The Big 'D' Word - If it's not likely, than why are we using it so much?

It's the 800 lb. gorilla in the room. No... not your retirement nest egg and the fact that you're not contributing near enough to your IRA... the other gorilla, the Depression one.

You see, it seems that every CEO, Politician and Economist out there is going out of their way to note that even though the similarities exist between today's Wreck-Onomics and the Wreck-onomics of past crises, we will avoid a depression and most likely only have a minor recession.

Let's recap:

Subprime Crisis - Only contained to subprime

Ooops... well what we meant to say was that hybrid option arm and negative amortization loans to borrowers with prime credit are lumped into that, so it may spread, but no further.

Home Prices - apprecation will slow to a more normal level, but not go negative.

Oooops... well... of course in areas where the appreciation was abnormal the resulting depreciation will look negative, but the homes will remain above their original value and will most likely be contained to small geographical areas.

Ooops... well.... what we didn't realize at the time is that almost 50% of the new homes built were speculative buys, and once those people exited the market it would drag new construction down like a body in the Hudson chained to cinder blocks.

Ooops... looks like this is spreading into the prime sector... now we need help.

Ok... I could go on and on (and usually do), but I think you get the picture.

Here we have another article from a global economist touting the possibility of a depression. This being the most bearish so far... but the shoes are still dropping...

Bold is my emphasis, italics my add.

"Fear that a hobbled banking sector may set off another Great Depression could force the U.S. government and Federal Reserve to take the unprecedented step of buying a broad range of assets, including stocks, according to one of the most bearish market analysts.

That extreme scenario, which would aim to stave off deflation and stabilize the economy, is evolving as the base case for Bernard Connolly, global strategist at Banque AIG in London.
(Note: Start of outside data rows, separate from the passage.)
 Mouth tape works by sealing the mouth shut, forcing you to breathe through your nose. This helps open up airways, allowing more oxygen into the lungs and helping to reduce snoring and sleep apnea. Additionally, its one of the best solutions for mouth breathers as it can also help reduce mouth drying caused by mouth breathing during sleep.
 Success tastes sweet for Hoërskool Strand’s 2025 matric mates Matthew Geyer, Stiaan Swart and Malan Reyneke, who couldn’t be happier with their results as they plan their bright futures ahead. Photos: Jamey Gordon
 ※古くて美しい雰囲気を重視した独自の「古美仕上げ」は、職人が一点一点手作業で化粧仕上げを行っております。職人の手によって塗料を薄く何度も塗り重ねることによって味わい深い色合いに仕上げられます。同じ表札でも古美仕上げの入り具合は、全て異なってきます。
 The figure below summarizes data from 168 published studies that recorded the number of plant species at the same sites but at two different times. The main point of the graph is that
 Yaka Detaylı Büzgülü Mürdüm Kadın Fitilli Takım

"Avoiding a depression is, unfortunately, going to have to involve either a large, quasi-permanent increase in the budget deficit -- preferably tax cuts -- or restoring overvaluation of equity prices," Connolly said on Monday. In other words, we've got a tremendous bubble that has burst, and the only way we can save ourselves from depression is to either skyrocket our already volcanic deficit, or artificially inflate our markets, creating another asset bubble. Isn't this how we got into trouble in the first place?

"If conventional monetary policy is not enough to produce that result, the government may have to buy equities, financed by the Fed," Connolly said. The government may have to play the market? This is a horrifying thought.
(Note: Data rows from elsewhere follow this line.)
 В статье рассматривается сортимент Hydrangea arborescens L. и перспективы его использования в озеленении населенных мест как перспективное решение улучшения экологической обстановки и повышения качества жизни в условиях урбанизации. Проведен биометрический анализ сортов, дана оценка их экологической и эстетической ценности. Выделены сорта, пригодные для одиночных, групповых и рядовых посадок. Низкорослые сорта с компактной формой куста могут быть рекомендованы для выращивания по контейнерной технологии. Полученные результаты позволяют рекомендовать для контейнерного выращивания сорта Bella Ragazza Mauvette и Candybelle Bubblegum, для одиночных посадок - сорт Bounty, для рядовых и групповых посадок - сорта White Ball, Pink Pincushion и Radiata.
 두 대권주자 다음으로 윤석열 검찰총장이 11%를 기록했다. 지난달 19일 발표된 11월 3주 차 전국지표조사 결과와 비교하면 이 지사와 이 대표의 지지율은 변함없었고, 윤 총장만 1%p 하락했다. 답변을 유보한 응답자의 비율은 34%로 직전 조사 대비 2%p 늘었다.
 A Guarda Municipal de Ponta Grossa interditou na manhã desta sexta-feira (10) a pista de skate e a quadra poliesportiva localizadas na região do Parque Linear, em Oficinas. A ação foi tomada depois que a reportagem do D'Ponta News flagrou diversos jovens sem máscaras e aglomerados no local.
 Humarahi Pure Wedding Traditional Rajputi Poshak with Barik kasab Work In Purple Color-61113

While Connolly already sees some parallels with the 1930s, he expects that a more pro-active central bank and government will probably help avert a repeat of that scenario today. Here's the "feel-good denial phrase".

The build up of a credit bubble in recent years was similar to the late 1920s run-up to the Great Depression, he said. Sound familiar?
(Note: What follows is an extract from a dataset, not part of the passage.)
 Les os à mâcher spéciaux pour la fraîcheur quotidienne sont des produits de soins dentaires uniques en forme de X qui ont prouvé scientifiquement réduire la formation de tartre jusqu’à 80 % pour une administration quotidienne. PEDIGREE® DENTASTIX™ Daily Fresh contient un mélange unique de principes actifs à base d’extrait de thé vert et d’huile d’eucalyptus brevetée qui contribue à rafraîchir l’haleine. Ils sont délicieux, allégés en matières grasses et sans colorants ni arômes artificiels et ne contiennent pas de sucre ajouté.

Then, investors were very optimistic about new technologies, and stocks rose against a backdrop of low inflation, and a trend toward globalization. There was even an equivalent of the modern day subprime mortgage debt meltdown in the form of U.S. loans to Latin American countries which had to be written off.

"The big difference is the attitude of central banks and specifically the attitude of the Fed," Connolly said.

However, Fed rate cuts alone are unlikely to avert a prolonged period of economic weakness because the danger still exists that a burdened banking sector will choke off credit to consumers and households. This is already happening, and in a big way.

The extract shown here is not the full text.